Why does Ft. Worth have a cool park along its section of the Trinity River?

scottindallas
scottindallas

I think another issue is that the water in that lake won't be either potable nor safe for swimming.  That said, I think a downtown lake seems like an easy and obvious solution; though, I agree that isn;t the most inspired idea ever.

RTGolden
RTGolden

http://www.npr.org/2011/12/05/...NPR story on Blotting in Detroit.  There's another story, a lady on the NE side of Detroit with an urban farm in her old neighborhood.  Edith something or other.

stillw
stillw

Willis Winters is a gem.  He loves our city.

JimS
JimS

The road never funded anything. It's a question on an I.Q. test: how much extra money do you have if you're  a billion dollars in the red? Like that other I.Q. test question: what happens if you build a road where it floods? Pretend the levee system is a bathtub, and think of the toll road as toy cars. Put the toy cars on the bottom of the tub. Now fill the tub with water. The question is: what is your I.Q.? 

Tom L (No, Not That L)
Tom L (No, Not That L)

It seems to me that when the bond money runs out then and only then will the Trinity Floodway Highway die.

scottindallas
scottindallas

Almost all that money has already been spent.  Last I heard, here, $180 million has been spent.  I thought the bond was only $250 million.  Whatever, $180 million and nothing to show for it is shameful.

stillw
stillw

Good East Dallas park opportunities are at Live Oak and Garrett/Collett (recalling he original Munger Place Collett Circle) and connecting Woodrow Wilson and J. Long to the Santa Fe Trail buy buying up the homes on Covington and filling in the old train ditch with a pond.

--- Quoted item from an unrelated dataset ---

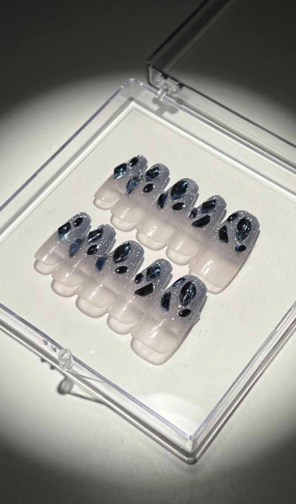 Get ready to shine with our Blue Crystal Glitter Press On Nails! These stunning press-ons will give your manicure a show-stopping look in no time. With their flash diamond lake blue design. your nails will sparkle and catch everyone's attention. Say goodbye to the hassle of going to a nail salon and hello to a quick and easy manicure that will make a lasting impression.

With more money, buying homes along Glasgow and connecting Randall Park to Tenison/Samuell/Grand Park would be possible.

scottindallas
scottindallas

I'm not sure trees on that deck will stand much of a chance.  The tale will be told in years 7-10

JimS
JimS

Yeah, because people like Winters got the original design fixed.

Scruffygeist
Scruffygeist

The people stuck in traffic below it will be nice and cool.

stillw
stillw

You are throwing away money if you pay for private schools in the East Dallas/Lakewood area.  Of course the values are going up because of the good schools, so your property taxes may rise.

Jon Daniel
Jon Daniel

Sort of. The parks that sit in front of large real estate developments will look fine. The ones in residential areas will look bad. All city funds must have an ROI for the developers, or it is wasted spending

Scruffygeist
Scruffygeist

Do they mow themselves too? Or do you suggest a friendly family of goats live there?

Juan Valdez
Juan Valdez

It baffles me that cities like Madrid, Austin or even Monterrey Mexico (not to mention other thousands of cities around the world) can capitalize from a river and we cant. However way you want to call this, it can be done! I think we need to attract those "other" businessmen that can make this project happen. Yep those that can reap the benefits of a park. Them folks are the ones we need to lure in to this, so they can fight the main battles.

JimS
JimS

I could be attracted, or not. Is that the irresistible scent of ripe brie I smell coming from your building, or have we been incontinent again?

DISD Teacher
DISD Teacher

Sub at Hill MIddle School or Truett Ele and then get back to me on that one.

Rangers100
Rangers100

Mowing parks isn't nearly as complicated as you might think.

Rangers100
Rangers100

Oh, you could definitely afford to live downtown.  It's just nicer to sprawl out into more space so you can chase people off your lawn and all that.